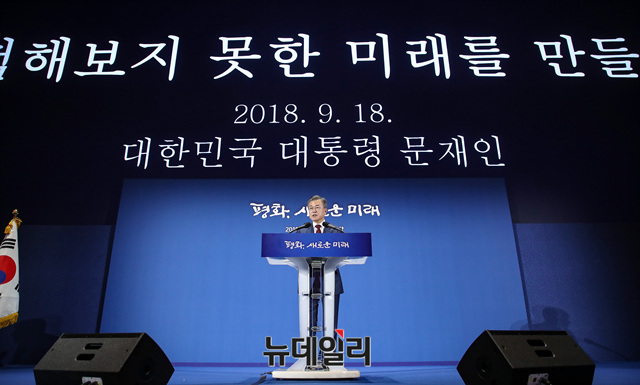 방북을 마친 문재인 대통령이 20일 오후 귀환 후 서울 동대문디자인플라자 내 프레스센터에서 가진 대국민 보고에서 취재진 질문에 답하고 있다. (사진=평양사진공동취재단)
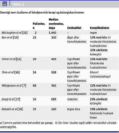 I et randomiseret studie indgik der 39 patienter. Patienterne i gruppe A (n = 20) fik foretaget endoskopisk drænage med stentanlæggelse og efterfølgende PDT, og patienterne i gruppe B (n = 19) fik alene foretaget endoskopisk drænage med stentanlæggelse. Gruppe A bestod af fire patienter med Bismuth-type III og 16 med type IV, mens fordelingen i gruppe B var to med type II, to med type III og 15 med type IV. Der blev givet oral antibiotikaprofylakse i 14 dage. PDT-gruppen blev fotosensibiliseret med porfyrinderivatet photofrin 2 mg/kg og 48 timer senere fotoaktivering ved 630 nm med en lysdosis på 180 J/cm 2 og en eksponeringstid på 750 s. Patien-terne opholdt sig herefter i mørklagt rum i 3-4 dage og blev gradvist reeksponeret for dagslys. I gruppe A blev der efter PDT observeret signifikant fald i S-bi-lirubin. Den mediane overlevelse var for gruppe A og B henholdsvis 493 og 98 dage (p < 0,0001). Som følge af disse tal valgte man af etiske årsager at stoppe studiet [15]. I et ikkerandomiseret studie, hvor der var inkluderet 24 patienter med CC, blev der foretaget perkutan stentning med efterfølgende PDT. Effekten af terapien blev vurderet med intraduktal ultra-lyd-skanning foretaget før og på månedlig basis efter PDT. Den mediane overlevelse var 558 dage. Gennemsnitstykkelsen af forandringerne i galdevejene var 8,7 ± 3,7 mm før PDT, og der blev observeret aftagende tykkelse til 5,8 ± 2,0 mm. Efter fjerde måned var der igen tiltagende tykkelse [16].
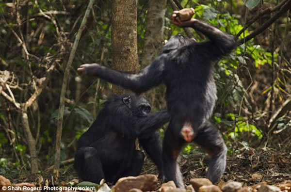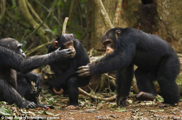 英国摄影师近日拍摄到惊人的一幕:小黑猩猩向其它黑猩猩投掷石块,遭到猩猩母亲的掴脸,旁边稍年长的小猩猩兄弟前来劝阻。由此可见,黑猩猩具有“人类的一面”。
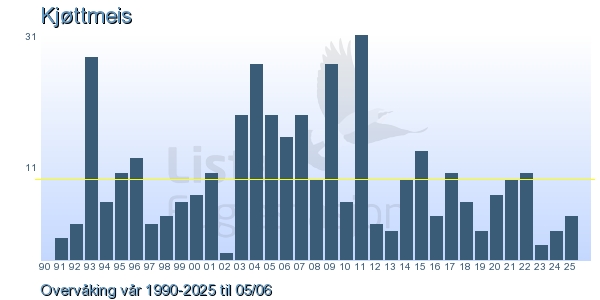 These pages contains the ringing log from Lista Bird Obs. There are several options; Daily log (detailed ringing log for any chosen day), Month log (totals for each day in a month), Season numbers (status for this season), Year list (list of species ringed for any chosen year) or Birdlist Lista Bird Obs. (complete list of species ringed).

···

WHAT YOU SHOULD DO →
Exclude the pictures and print the rest of the data exactly.

ANSWER →
 방북을 마친 문재인 대통령이 20일 오후 귀환 후 서울 동대문디자인플라자 내 프레스센터에서 가진 대국민 보고에서 취재진 질문에 답하고 있다. (사진=평양사진공동취재단)
 I et randomiseret studie indgik der 39 patienter. Patienterne i gruppe A (n = 20) fik foretaget endoskopisk drænage med stentanlæggelse og efterfølgende PDT, og patienterne i gruppe B (n = 19) fik alene foretaget endoskopisk drænage med stentanlæggelse. Gruppe A bestod af fire patienter med Bismuth-type III og 16 med type IV, mens fordelingen i gruppe B var to med type II, to med type III og 15 med type IV. Der blev givet oral antibiotikaprofylakse i 14 dage. PDT-gruppen blev fotosensibiliseret med porfyrinderivatet photofrin 2 mg/kg og 48 timer senere fotoaktivering ved 630 nm med en lysdosis på 180 J/cm 2 og en eksponeringstid på 750 s. Patien-terne opholdt sig herefter i mørklagt rum i 3-4 dage og blev gradvist reeksponeret for dagslys. I gruppe A blev der efter PDT observeret signifikant fald i S-bi-lirubin. Den mediane overlevelse var for gruppe A og B henholdsvis 493 og 98 dage (p < 0,0001). Som følge af disse tal valgte man af etiske årsager at stoppe studiet [15]. I et ikkerandomiseret studie, hvor der var inkluderet 24 patienter med CC, blev der foretaget perkutan stentning med efterfølgende PDT. Effekten af terapien blev vurderet med intraduktal ultra-lyd-skanning foretaget før og på månedlig basis efter PDT. Den mediane overlevelse var 558 dage. Gennemsnitstykkelsen af forandringerne i galdevejene var 8,7 ± 3,7 mm før PDT, og der blev observeret aftagende tykkelse til 5,8 ± 2,0 mm. Efter fjerde måned var der igen tiltagende tykkelse [16].
 英国摄影师近日拍摄到惊人的一幕:小黑猩猩向其它黑猩猩投掷石块,遭到猩猩母亲的掴脸,旁边稍年长的小猩猩兄弟前来劝阻。由此可见,黑猩猩具有“人类的一面”。
 These pages contains the ringing log from Lista Bird Obs. There are several options; Daily log (detailed ringing log for any chosen day), Month log (totals for each day in a month), Season numbers (status for this season), Year list (list of species ringed for any chosen year) or Birdlist Lista Bird Obs. (complete list of species ringed).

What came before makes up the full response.